**Work required**
Without the images, repeat every line of the listing exactly.

**Given material**
..........

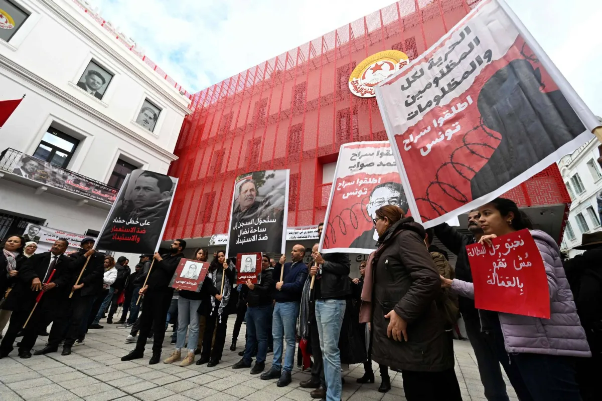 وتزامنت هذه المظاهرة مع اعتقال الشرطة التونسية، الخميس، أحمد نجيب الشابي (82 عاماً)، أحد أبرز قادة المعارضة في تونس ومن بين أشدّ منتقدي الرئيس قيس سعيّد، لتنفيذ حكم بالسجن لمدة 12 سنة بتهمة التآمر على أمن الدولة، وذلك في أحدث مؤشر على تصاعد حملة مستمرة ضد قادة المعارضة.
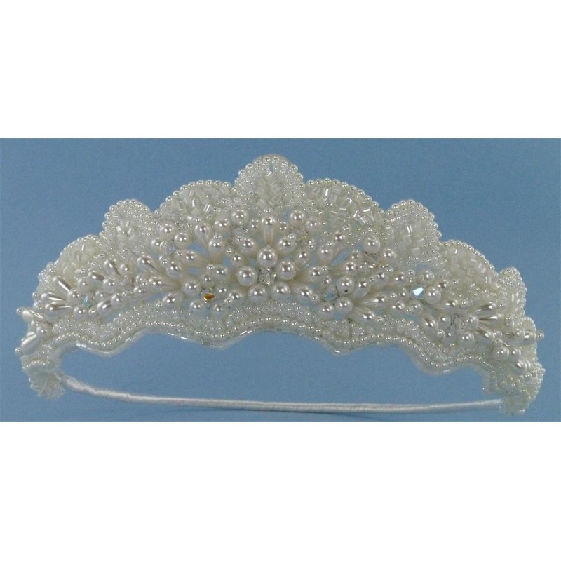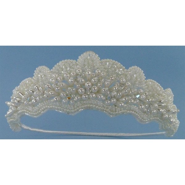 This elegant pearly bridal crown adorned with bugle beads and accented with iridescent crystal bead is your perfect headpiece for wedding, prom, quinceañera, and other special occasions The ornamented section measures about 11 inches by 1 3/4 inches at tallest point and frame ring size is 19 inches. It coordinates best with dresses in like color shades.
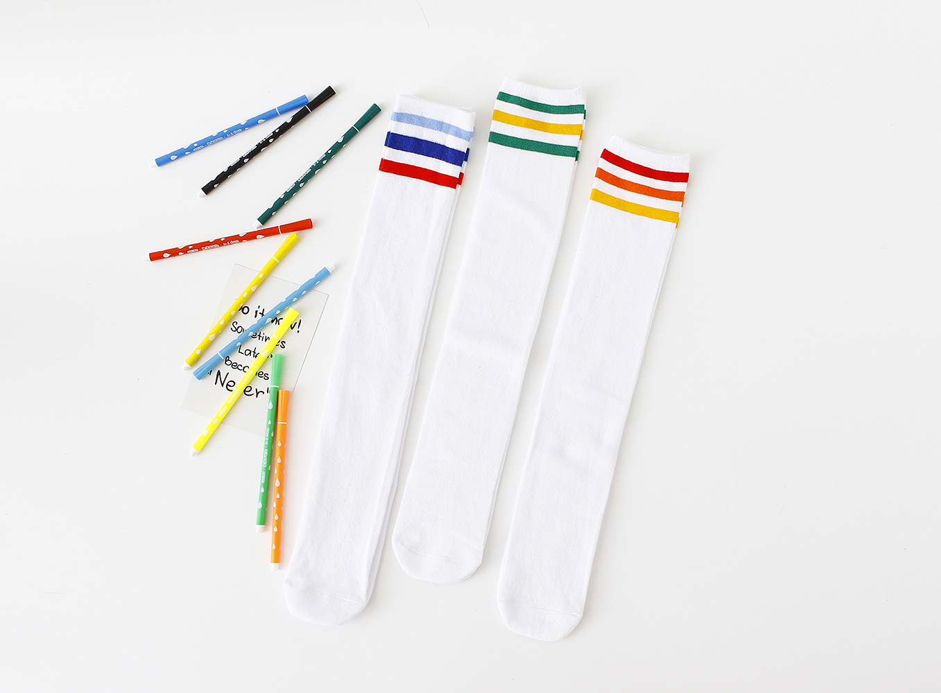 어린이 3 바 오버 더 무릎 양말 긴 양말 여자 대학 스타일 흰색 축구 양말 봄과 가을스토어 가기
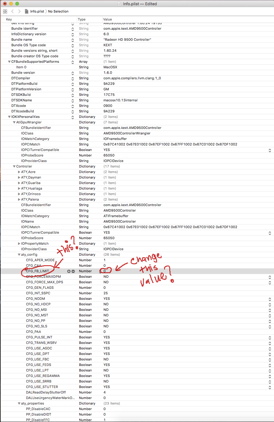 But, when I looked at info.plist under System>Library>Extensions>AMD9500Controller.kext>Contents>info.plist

..........

**Solution to the problem**
 وتزامنت هذه المظاهرة مع اعتقال الشرطة التونسية، الخميس، أحمد نجيب الشابي (82 عاماً)، أحد أبرز قادة المعارضة في تونس ومن بين أشدّ منتقدي الرئيس قيس سعيّد، لتنفيذ حكم بالسجن لمدة 12 سنة بتهمة التآمر على أمن الدولة، وذلك في أحدث مؤشر على تصاعد حملة مستمرة ضد قادة المعارضة.
 This elegant pearly bridal crown adorned with bugle beads and accented with iridescent crystal bead is your perfect headpiece for wedding, prom, quinceañera, and other special occasions The ornamented section measures about 11 inches by 1 3/4 inches at tallest point and frame ring size is 19 inches. It coordinates best with dresses in like color shades.
 어린이 3 바 오버 더 무릎 양말 긴 양말 여자 대학 스타일 흰색 축구 양말 봄과 가을스토어 가기
 But, when I looked at info.plist under System>Library>Extensions>AMD9500Controller.kext>Contents>info.plist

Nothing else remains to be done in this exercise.